Anti-Epileptic Drug Combination Efficacy in an In Vitro Seizure Model - Phenytoin and Valproate, Lamotrigine and Valproate

Abstract

In this study, we investigated the relative efficacy of different classes of commonly used anti-epileptic drugs (AEDs) with different mechanisms of action, individually and in combination, to suppress epileptiform discharges in an in vitro model. Extracellular field potential were recorded in 450 μm thick transverse hippocampal slices prepared from juvenile Wistar rats, in which "epileptiform discharges" (ED's) were produced with a high-K+ (8.5 mM) bicarbonate-buffered saline solution. Single and dual recordings in stratum pyramidale of CA1 and CA3 regions were performed with 3-5 MΩ glass microelectrodes. All drugs-lamotrigine (LTG), phenytoin (PHT) and valproate (VPA)-were applied to the slice by superfusion at a rate of 2 ml/min at 32°C. Effects upon frequency of ED's were assessed for LTG, PHT and VPA applied at different concentrations, in isolation and in combination. We demonstrated that high-K+ induced ED frequency was reversibly reduced by LTG, PHT and VPA, at concentrations corresponding to human therapeutic blood plasma concentrations. With a protocol using several applications of drugs to the same slice, PHT and VPA in combination displayed additivity of effect with 50μM PHT and 350μM VPA reducing SLD frequency by 44% and 24% individually (n = 19), and together reducing SLD frequency by 66% (n = 19). 20μM LTG reduced SLD frequency by 32% and 350μM VPA by 16% (n = 18). However, in combination there was a supra-linear suppression of ED's of 64% (n = 18). In another independent set of experiments, similar results of drug combination responses were also found. In conclusion, a combination of conventional AEDs with different mechanisms of action, PHT and VPA, displayed linear additivity of effect on epileptiform activity. More intriguingly, a combination of LTG and VPA considered particularly efficacious clinically showed a supra-additive suppression of ED's. This approach may be useful as an in vitro platform for assessing drug combination efficacy.

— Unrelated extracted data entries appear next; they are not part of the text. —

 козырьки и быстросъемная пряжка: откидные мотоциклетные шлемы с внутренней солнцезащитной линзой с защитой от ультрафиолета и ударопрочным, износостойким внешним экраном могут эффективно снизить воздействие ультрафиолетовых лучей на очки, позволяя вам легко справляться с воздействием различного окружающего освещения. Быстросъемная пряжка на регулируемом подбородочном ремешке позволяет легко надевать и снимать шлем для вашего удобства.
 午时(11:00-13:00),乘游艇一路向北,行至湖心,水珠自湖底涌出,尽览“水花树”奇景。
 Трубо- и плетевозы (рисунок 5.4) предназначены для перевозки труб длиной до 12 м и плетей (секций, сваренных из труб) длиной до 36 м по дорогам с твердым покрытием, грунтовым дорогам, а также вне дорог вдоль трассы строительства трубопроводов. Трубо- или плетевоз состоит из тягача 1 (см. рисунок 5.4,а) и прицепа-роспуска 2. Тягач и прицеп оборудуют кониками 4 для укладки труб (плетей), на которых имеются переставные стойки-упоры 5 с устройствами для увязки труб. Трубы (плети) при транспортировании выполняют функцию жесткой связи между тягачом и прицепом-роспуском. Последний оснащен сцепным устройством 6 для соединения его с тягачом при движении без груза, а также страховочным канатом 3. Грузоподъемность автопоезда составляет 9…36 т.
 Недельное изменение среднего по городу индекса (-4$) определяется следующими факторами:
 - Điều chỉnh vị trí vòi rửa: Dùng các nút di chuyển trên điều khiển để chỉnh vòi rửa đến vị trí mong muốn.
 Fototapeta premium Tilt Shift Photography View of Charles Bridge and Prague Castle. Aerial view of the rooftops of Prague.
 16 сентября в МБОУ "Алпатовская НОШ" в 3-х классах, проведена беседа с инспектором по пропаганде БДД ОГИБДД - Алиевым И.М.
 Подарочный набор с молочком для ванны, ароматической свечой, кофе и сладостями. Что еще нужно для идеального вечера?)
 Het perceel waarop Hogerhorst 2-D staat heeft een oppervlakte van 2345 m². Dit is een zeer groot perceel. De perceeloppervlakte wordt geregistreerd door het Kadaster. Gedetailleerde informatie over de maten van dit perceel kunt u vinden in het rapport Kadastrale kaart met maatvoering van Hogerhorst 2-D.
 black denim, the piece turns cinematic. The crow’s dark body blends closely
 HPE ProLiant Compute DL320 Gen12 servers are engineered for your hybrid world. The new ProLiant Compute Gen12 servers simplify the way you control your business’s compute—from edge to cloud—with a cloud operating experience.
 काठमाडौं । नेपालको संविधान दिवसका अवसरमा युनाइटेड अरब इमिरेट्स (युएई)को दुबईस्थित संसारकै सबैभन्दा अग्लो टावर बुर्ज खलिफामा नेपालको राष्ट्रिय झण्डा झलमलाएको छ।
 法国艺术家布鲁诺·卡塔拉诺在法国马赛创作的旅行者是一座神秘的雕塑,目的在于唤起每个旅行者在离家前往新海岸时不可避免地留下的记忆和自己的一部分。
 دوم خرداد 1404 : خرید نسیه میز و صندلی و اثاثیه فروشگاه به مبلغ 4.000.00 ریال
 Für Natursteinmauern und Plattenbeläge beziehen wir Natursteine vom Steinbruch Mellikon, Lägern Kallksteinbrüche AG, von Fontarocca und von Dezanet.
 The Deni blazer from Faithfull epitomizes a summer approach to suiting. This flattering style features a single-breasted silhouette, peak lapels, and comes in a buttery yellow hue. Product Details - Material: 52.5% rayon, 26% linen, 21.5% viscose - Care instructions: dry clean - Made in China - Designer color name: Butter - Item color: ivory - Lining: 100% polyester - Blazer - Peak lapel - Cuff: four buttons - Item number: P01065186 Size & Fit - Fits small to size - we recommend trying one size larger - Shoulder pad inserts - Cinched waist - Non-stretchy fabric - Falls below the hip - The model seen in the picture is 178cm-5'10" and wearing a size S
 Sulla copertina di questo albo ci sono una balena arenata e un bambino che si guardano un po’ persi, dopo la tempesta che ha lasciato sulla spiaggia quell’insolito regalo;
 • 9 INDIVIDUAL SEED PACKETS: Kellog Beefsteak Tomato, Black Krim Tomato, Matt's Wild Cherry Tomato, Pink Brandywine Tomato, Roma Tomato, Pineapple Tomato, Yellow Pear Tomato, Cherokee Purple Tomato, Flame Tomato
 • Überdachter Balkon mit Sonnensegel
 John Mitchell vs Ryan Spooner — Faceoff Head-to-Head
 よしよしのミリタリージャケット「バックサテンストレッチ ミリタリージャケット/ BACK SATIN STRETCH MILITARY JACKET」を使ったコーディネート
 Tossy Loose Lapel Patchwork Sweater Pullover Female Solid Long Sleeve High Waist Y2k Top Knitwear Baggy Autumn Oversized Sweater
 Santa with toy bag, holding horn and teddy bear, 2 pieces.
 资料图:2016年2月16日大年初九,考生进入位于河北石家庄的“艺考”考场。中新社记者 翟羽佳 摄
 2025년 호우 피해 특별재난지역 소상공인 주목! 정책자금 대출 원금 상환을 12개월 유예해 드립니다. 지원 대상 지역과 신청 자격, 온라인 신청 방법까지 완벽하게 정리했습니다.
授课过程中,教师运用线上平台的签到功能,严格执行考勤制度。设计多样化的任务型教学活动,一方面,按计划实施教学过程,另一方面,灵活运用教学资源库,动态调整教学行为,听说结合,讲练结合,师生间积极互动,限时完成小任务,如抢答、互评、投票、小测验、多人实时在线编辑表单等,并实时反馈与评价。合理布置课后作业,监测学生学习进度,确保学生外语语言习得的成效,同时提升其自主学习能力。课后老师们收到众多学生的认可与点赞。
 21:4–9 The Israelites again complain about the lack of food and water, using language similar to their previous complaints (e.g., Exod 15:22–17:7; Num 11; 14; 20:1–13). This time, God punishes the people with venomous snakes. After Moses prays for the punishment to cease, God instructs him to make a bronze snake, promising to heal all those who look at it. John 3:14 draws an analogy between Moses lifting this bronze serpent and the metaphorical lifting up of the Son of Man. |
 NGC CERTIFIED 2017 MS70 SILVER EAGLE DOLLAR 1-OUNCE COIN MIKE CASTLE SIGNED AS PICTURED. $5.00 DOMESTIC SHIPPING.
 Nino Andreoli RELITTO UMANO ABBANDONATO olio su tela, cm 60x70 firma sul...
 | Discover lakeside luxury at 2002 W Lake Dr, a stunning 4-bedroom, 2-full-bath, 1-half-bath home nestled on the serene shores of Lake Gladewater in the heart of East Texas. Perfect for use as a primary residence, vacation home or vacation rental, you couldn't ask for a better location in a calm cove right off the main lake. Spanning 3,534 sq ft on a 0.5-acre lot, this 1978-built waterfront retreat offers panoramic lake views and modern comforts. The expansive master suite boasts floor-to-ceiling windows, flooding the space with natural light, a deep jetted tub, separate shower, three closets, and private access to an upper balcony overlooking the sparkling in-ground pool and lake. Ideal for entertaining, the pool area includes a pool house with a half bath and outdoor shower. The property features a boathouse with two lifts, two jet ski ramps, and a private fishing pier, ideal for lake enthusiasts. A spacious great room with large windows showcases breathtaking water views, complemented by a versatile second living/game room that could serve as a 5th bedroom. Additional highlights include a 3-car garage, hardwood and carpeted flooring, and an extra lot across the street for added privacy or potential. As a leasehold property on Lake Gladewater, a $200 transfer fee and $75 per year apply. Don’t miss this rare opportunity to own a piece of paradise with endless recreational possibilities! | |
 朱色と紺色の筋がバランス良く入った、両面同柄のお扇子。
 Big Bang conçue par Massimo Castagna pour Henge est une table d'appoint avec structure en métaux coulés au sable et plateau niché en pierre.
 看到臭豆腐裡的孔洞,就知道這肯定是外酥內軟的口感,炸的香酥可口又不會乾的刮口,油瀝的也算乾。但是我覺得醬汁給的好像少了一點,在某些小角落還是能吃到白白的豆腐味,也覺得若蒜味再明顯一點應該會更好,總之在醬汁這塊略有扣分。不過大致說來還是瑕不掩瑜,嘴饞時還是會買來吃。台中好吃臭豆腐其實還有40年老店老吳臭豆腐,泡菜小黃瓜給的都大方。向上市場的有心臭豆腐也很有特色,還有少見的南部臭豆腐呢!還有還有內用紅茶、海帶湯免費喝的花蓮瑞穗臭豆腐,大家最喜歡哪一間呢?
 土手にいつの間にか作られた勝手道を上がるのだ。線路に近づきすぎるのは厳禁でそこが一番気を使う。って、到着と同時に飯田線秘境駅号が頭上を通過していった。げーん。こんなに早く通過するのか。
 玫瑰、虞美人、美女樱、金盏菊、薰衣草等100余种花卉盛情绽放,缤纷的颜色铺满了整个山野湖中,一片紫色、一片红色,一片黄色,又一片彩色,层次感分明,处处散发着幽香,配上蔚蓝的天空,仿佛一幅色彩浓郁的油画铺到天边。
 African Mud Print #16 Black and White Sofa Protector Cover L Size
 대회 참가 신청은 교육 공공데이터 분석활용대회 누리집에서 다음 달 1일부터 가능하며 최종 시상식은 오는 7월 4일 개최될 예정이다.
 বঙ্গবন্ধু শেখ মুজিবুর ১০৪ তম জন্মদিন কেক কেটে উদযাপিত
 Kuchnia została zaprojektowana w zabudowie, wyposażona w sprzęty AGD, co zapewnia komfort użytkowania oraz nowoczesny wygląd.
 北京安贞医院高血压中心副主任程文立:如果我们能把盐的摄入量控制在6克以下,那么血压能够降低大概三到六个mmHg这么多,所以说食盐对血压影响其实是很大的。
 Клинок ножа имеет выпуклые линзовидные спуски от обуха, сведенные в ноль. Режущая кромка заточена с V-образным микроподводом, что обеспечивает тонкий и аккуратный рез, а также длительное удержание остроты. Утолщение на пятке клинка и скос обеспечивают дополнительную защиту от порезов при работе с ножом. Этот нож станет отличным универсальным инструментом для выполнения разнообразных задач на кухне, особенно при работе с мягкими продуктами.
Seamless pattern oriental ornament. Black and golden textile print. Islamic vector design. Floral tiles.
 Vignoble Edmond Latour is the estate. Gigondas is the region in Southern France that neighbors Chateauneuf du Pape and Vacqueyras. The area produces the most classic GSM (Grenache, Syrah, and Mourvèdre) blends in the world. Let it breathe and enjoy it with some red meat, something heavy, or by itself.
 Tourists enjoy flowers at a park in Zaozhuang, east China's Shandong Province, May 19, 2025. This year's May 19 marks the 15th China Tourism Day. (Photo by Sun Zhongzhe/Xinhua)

Fig 1. Example of epileptiform discharges observed in the stratum pyramidale of the high-K⁺ treated hippocampal slices.

Fig 2. Dose responses of PHT and VPA in suppressing population spike events in the high-K⁺ model.

Data from combined recordings of CA1 and CA3 regions were expressed as relative percentage (%) reduction compared to the baseline. (A) The effect of PHT on spike frequency was taken during the final 1-minute interval following 3-minute drug applications. (B) The effect of VPA on spike frequency was taken over the stable final 2-minute interval following 6-minute applications of VPA and washout. All data were shown as mean ± SEM; “n” indicates the number of recordings.

Fig 3. Effects of PHT, VPA applied singly and in combination upon frequency of spike events.

Data from combined recordings of CA1 and CA3 regions were expressed as relative percentage (%) reduction compared to the baseline. All data were shown as mean ± SEM; “n” indicates the number of recordings.

Fig 4. Representative traces of effects of AEDs (PHT, VPA) and washout upon neuronal population spike events.

Spike events over 1-minute intervals were from one continuous recording during baseline, drug applications and washout, for qualitative displays.

Fig 5. Effects of PHT, VPA applied in isolation and in combination upon frequency of spike events.

Data were expressed as relative percentage (%) reduction compared to the baseline. All data were shown as mean ± SEM; “n” indicates the number of recordings from different slices. See text for details.

Fig 6. Effects of LTG, VPA applied singly and in combination upon frequency of spike events.

Data from combined recordings of CA1 and CA3 regions were expressed as relative percentage (%) reduction compared to the baseline. All data were shown as mean ± SEM; “n” indicates the number of recordings.

Fig 7. Representative traces of effects of AEDs (LTG, VPA) and washout upon neuronal population spike events.

Representative 1-minute intervals of spike events during baseline, drug applications and washout from one continuous recording are displayed.

Fig 8. Effects of LTG, VPA applied in isolation and in combination upon frequency of spike events.

Data were expressed as relative percentage (%) reduction compared to the baseline. All data were shown as mean ± SEM; “n” indicates the number of recordings from different slices. See text for details.